Stored data entries:
● ● ● ● ● ● ●

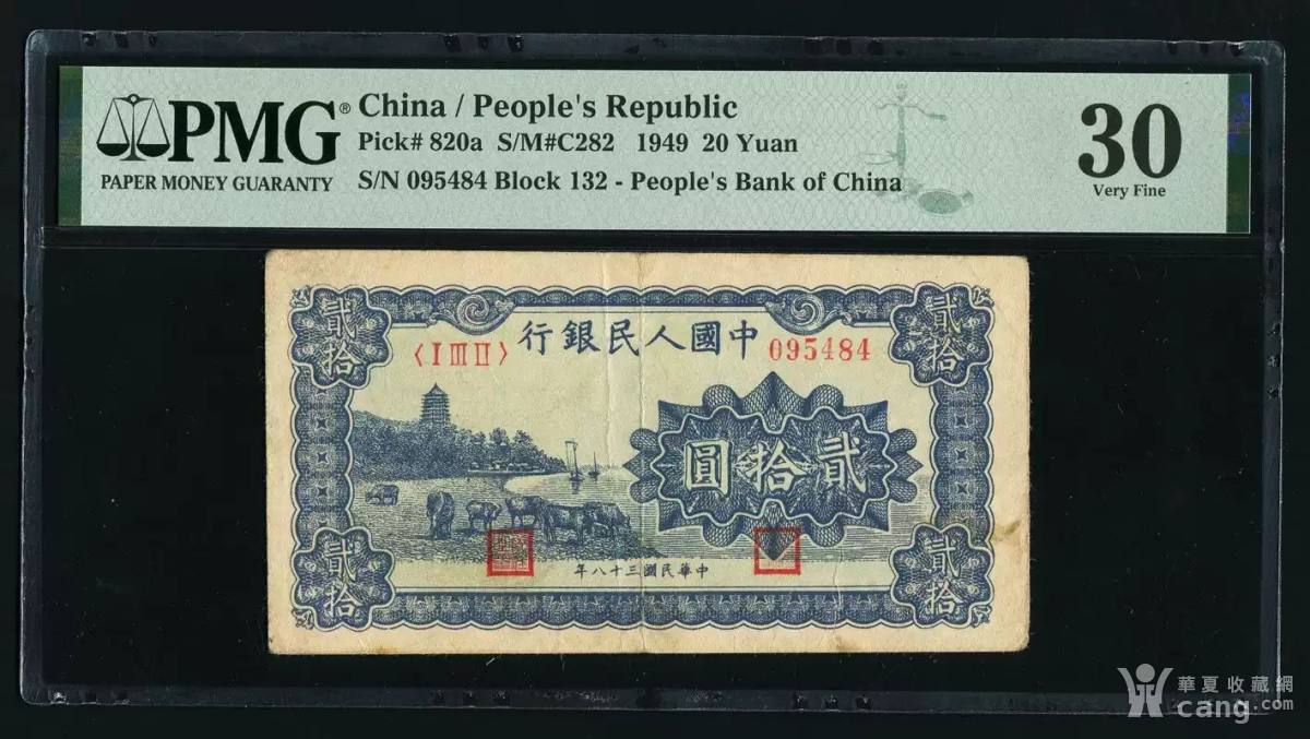 PMG 一版蓝色六和塔 二十元 30分 原票硬评
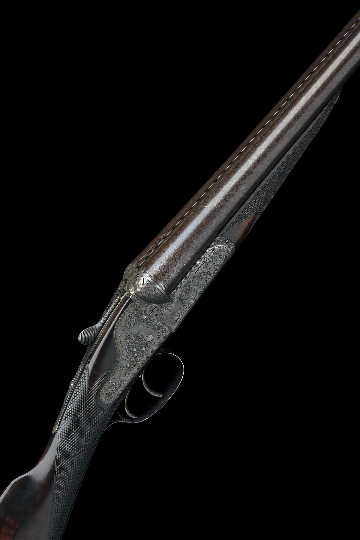 circa 1903, 30in. nitro damascus barrels, the tubes engraved 'CHARLES LANCASTER. 7. BURY STREET. ST. JAMES'S. LONDON.' and the rib inlaid '1', 2 1/2in. chambers, bored approx. imp. cyl. and 1/2 choke, Lancaster patent assisted-opening action, carved fences, striker discs, slim toplever gold-inlaid '1', automatic safety with blue enamelled 'SAFE' detail, dipped-edge lockplates, mainspring cramp adjuster screws, fine border and acanthus scroll engraving, 14 1/4in. figured stock including buttplate, weight 6lb. 12oz.
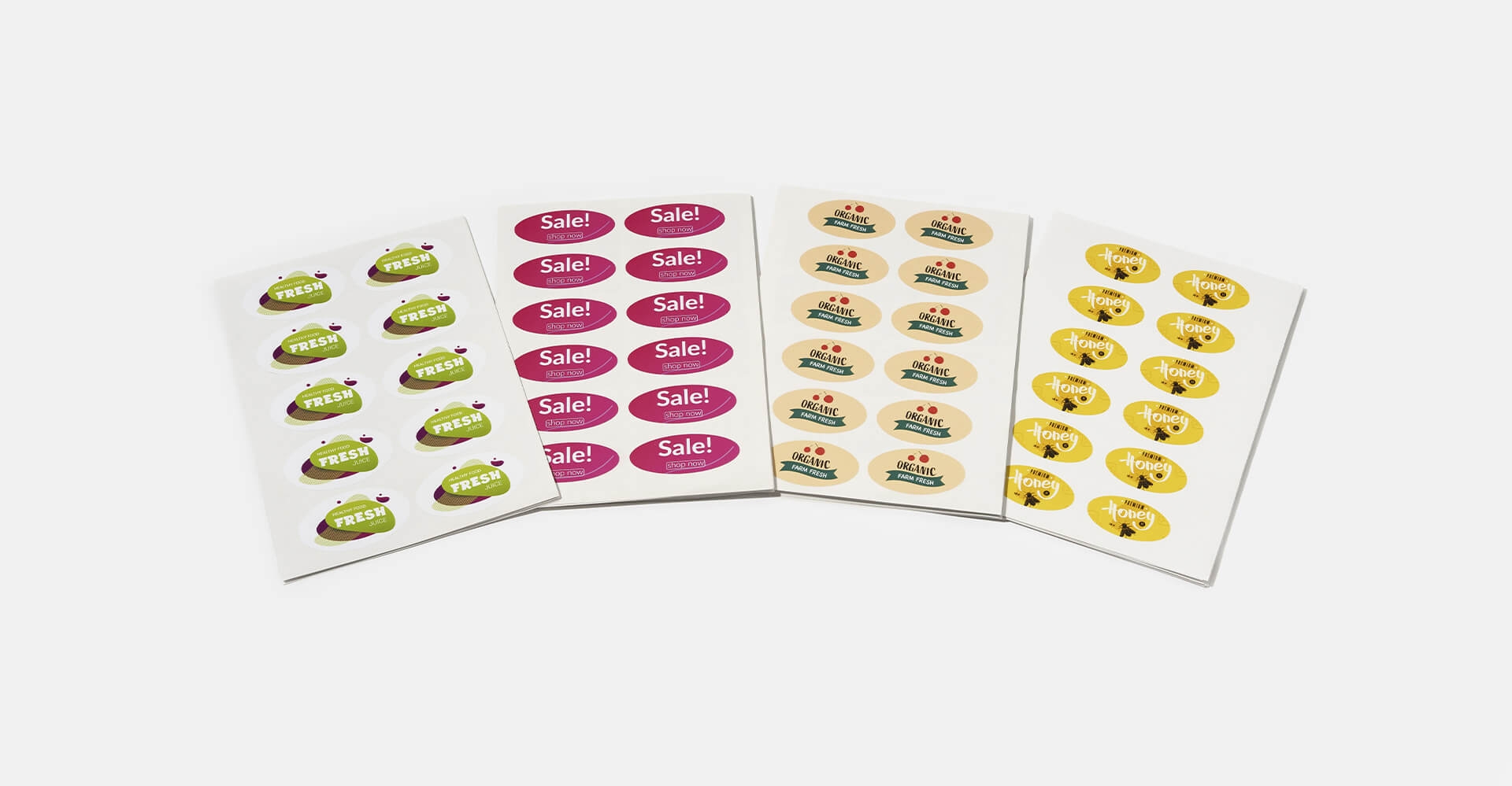 Valige sobiv suurus ja kogus, laadige üles kujundus ning me valmistame ümmargused sildid A4-paberilehele (29,7 x 21 cm). Meie kohandatud ovaalsed sildid sobivad suurepäraselt kingitustele, pakenditele, purkidele, pudelitele, ümbrikele jne. Need sildid ei võta palju ruumi, seega nende säilitamine on väga lihtne.
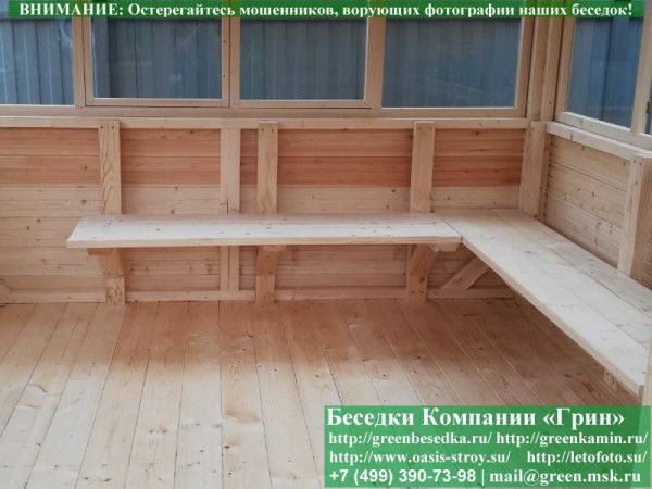 Лавка в 3 доски по 6-и метровой стороне беседки, бытовки, хозблока. Цена: 9000 руб.
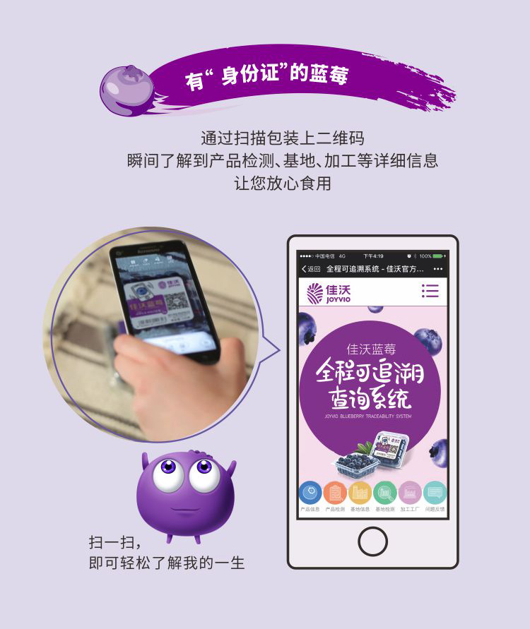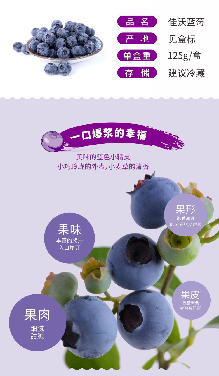 佳沃蓝莓125g*4盒精选山地蓝莓 礼盒装新鲜当季水果 18mm+
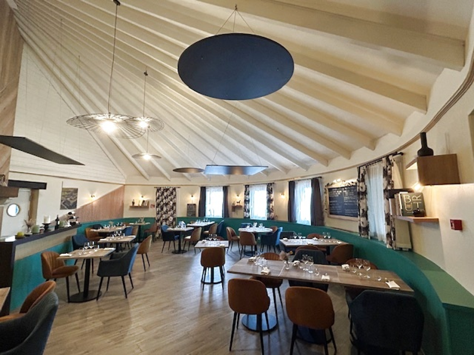 La salle accueille 60 couverts et une terrasse extérieure d'une capacité de 35 places.
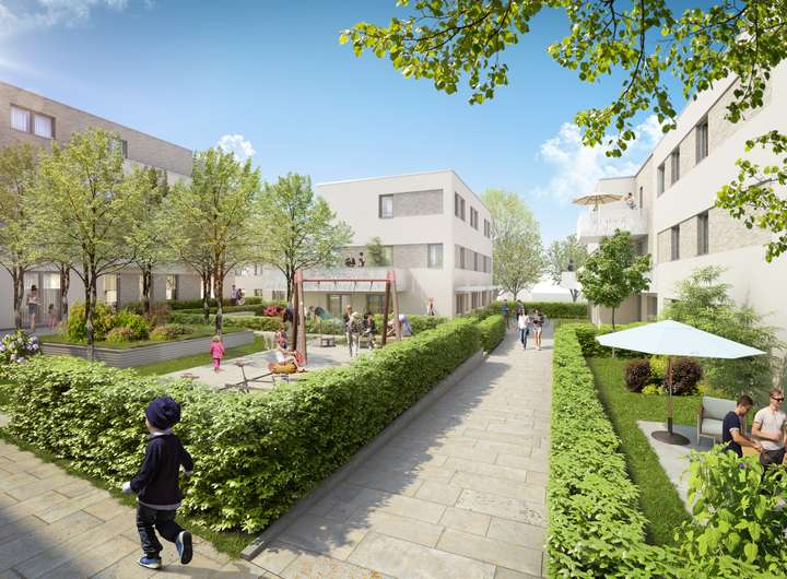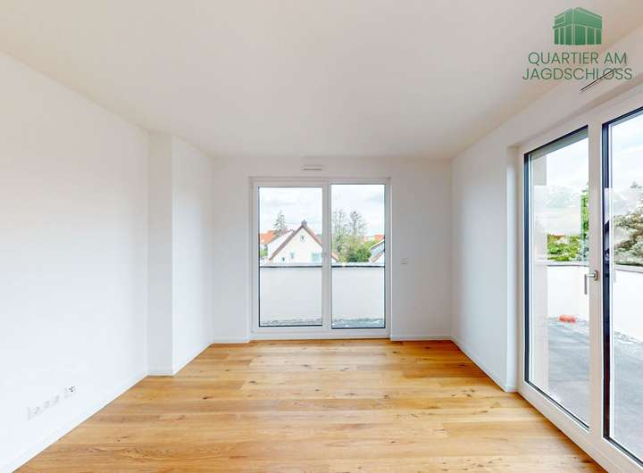 Insgesamt entstehen im Quartier am Jagdschloss 74 Wohnungen, sowie eine Tiefgarage mit 171 PKW-Stellplätzen. Die Außenflächen sowie der Innenbereich sind mit viel Grün gestaltet und bieten auch einen Spielbereich für die Jüngsten.
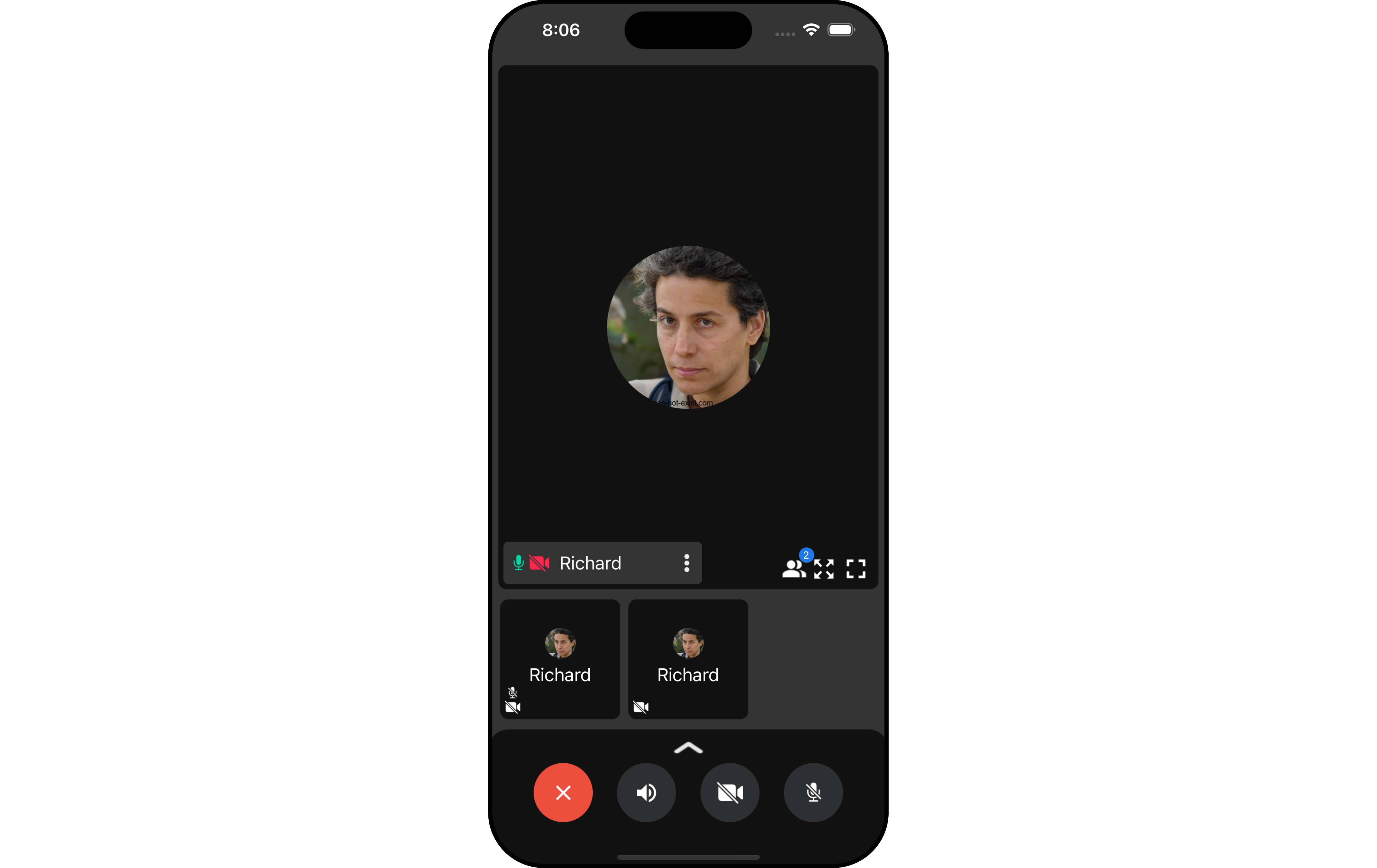 The OngoingCall component is the user interface that displays during an ongoing call. For an audio call, this screen displays the participant’s name, call duration, and buttons to mute the audio, enable or disable video, switch the camera, and end the call. For a video call, the Call Screen might additionally display the video footage from both the user’s camera and the recipient’s camera.

● ● ● ● ● ● ●

ASSIGNED TASK: Give every entry again word for word; no images belong in the copy.

EXPECTED ANSWER:
 PMG 一版蓝色六和塔 二十元 30分 原票硬评
 circa 1903, 30in. nitro damascus barrels, the tubes engraved 'CHARLES LANCASTER. 7. BURY STREET. ST. JAMES'S. LONDON.' and the rib inlaid '1', 2 1/2in. chambers, bored approx. imp. cyl. and 1/2 choke, Lancaster patent assisted-opening action, carved fences, striker discs, slim toplever gold-inlaid '1', automatic safety with blue enamelled 'SAFE' detail, dipped-edge lockplates, mainspring cramp adjuster screws, fine border and acanthus scroll engraving, 14 1/4in. figured stock including buttplate, weight 6lb. 12oz.
 Valige sobiv suurus ja kogus, laadige üles kujundus ning me valmistame ümmargused sildid A4-paberilehele (29,7 x 21 cm). Meie kohandatud ovaalsed sildid sobivad suurepäraselt kingitustele, pakenditele, purkidele, pudelitele, ümbrikele jne. Need sildid ei võta palju ruumi, seega nende säilitamine on väga lihtne.
 Лавка в 3 доски по 6-и метровой стороне беседки, бытовки, хозблока. Цена: 9000 руб.
 佳沃蓝莓125g*4盒精选山地蓝莓 礼盒装新鲜当季水果 18mm+
 La salle accueille 60 couverts et une terrasse extérieure d'une capacité de 35 places.
 Insgesamt entstehen im Quartier am Jagdschloss 74 Wohnungen, sowie eine Tiefgarage mit 171 PKW-Stellplätzen. Die Außenflächen sowie der Innenbereich sind mit viel Grün gestaltet und bieten auch einen Spielbereich für die Jüngsten.
 The OngoingCall component is the user interface that displays during an ongoing call. For an audio call, this screen displays the participant’s name, call duration, and buttons to mute the audio, enable or disable video, switch the camera, and end the call. For a video call, the Call Screen might additionally display the video footage from both the user’s camera and the recipient’s camera.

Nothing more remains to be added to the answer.